Но получилось так, что образы узурпаторов и тиранов, терпящих в трагедиях моральный и политический крах, оказались ярче, выпуклей, сконцентрированнее, чем образы их противников, обладающих глубоким и сложным внутренним миром, но лишенных цельности и силы. Выделяется здесь, пожалуй, один Никомед; Ромен Роллан полагал, что он «принадлежит к типу, который близок всякому народу, — добродушный, веселый гигант, галльский Зигфрид, один среди толпы врагов разрушающий коварные их замыслы, смеющийся над их ничтожеством, полный веселого задора и в конце концов остающийся победителем»[32]. Хотя герой Корнеля истолкован здесь несколько в духе Гаргантюа или Кола Брюньона, цельность и уверенная сила этого образа подмечены верно: Никомед знаменует собой некий возврат к образам «Горация» и даже «Сида». «Горяч и резок он», — говорит о нем Арсиноя. Он способен отринуть личные интересы во имя государственных. Вот его кредо:
А под «царствованием» он понимает правление разумное, справедливое, а потому — величавое.
Трагедии «второй манеры» лишь изредка оказываются посвящены событиям, развертывающимся в Риме. Хотя в «Помпее» мы видим главных персонажей римской политической жизни — Цезаря, Марка Антония, Лепида и других, ни в одной из этих пьес действие не происходит в великом городе. В пьесах этих лет события протекают на окраинах империи (или республики). И вот что полезно отметить. Хотя Рима и нет на сцене, он как бы присутствует в отдалении, и от пьесы к пьесе происходит его развенчание, развенчание его гражданских доблестей, его непререкаемого авторитета. Особой силы развенчание Рима достигает в «Никомеде», где не раз произносятся иронические похвалы в его адрес. Тем самым Рим перестает быть для Корнеля тем идеалом, который он искал в «Горации» и «Цинне». Власть «местная», провинциальная, с одной стороны, менее помпезна и величественна, у нее могут быть существенные недостатки, с другой же стороны, она не так ослеплена своим почти божественным величием, она более человечна, ибо не печется о своем мировом могуществе и авторитете.
С этим уходом на периферию, в страны Востока связана, кок уже говорилось, большая свобода писателя в построении интриги. Сложность стоящих перед героями личных проблем усложнила и взаимоотношения между персонажами, усложнила само действие, которое стало не только более динамичным внешне, но и более напряженным внутренне. Для трагедий этого периода типичны такие положения, когда герои ничего не знают о себе, что приводит к очень осложненным сюжетным ситуациям, даже к мотивам инцеста (на этом во многом строится интрига «Ираклия», хотя до подлинного кровосмесительства дело в пьесе не доходит).
В разборе «Никомеда» Корнель настаивал на допустимости понимать трагедию иначе, чем понимал ее Аристотель, чем понимал ее он сам в пору работы над другими своими пьесами.
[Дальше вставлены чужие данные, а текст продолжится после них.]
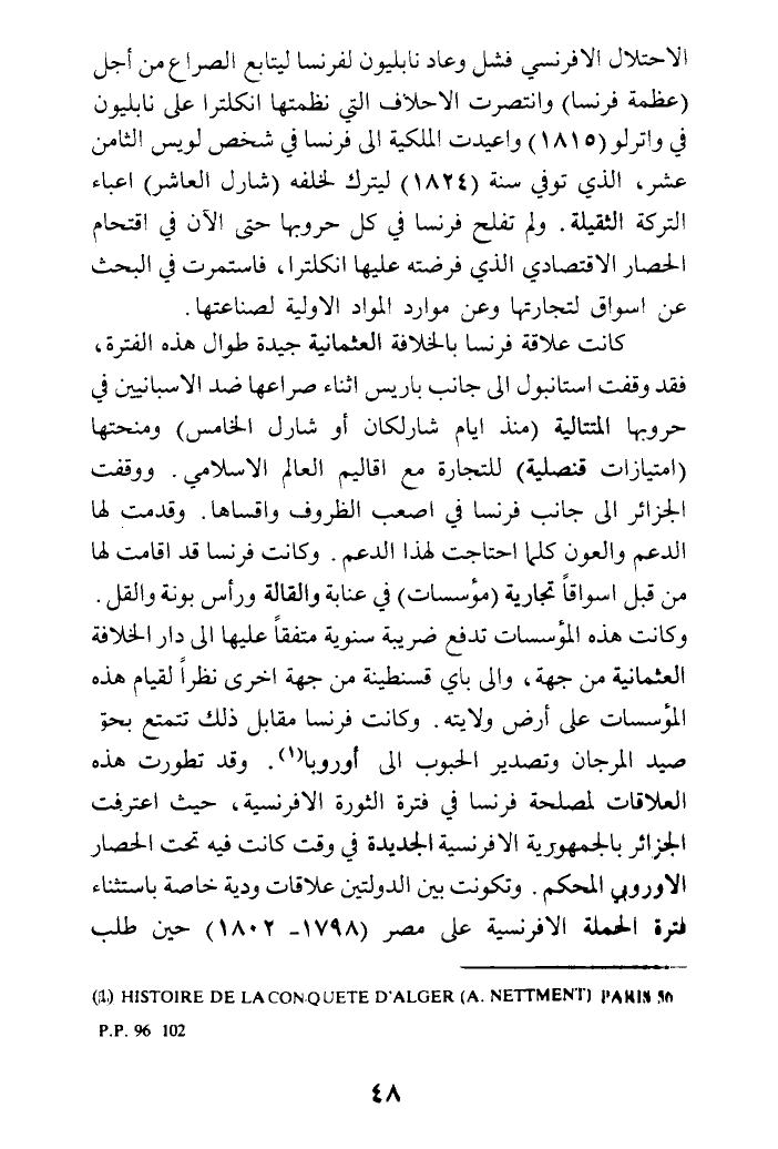(¬1) HISTOIRE DE LA CONQUETE D'ALGER (A. NETTMENT) PARIS 56. P.P 96 102.

Не нарушая правила трех единств в трагедиях «второй манеры», Корнель в известной мере изменял одному существенному принципу классицистической эстетики — принципу правдоподобия. Уж слишком исключительны, невероятны обстоятельства, в которых оказываются его герои. Это обнаруживает себя в рассмотренных нами пьесах, но в еще большей мере — в созданных одновременно с ними двух трагедиях, тоже «второй манеры», относимых обычно к числу явных творческих провалов драматурга, — в «Теодоре, девственнице и мученице» (1645) и «Пертарите» (1652). Их недостатки — продолжение достоинств других трагедий этих лет. В них интрига оказалась слишком сложной, и, главное, она уже не во всем детерминировала поведение героев, не вытекала из их характеров.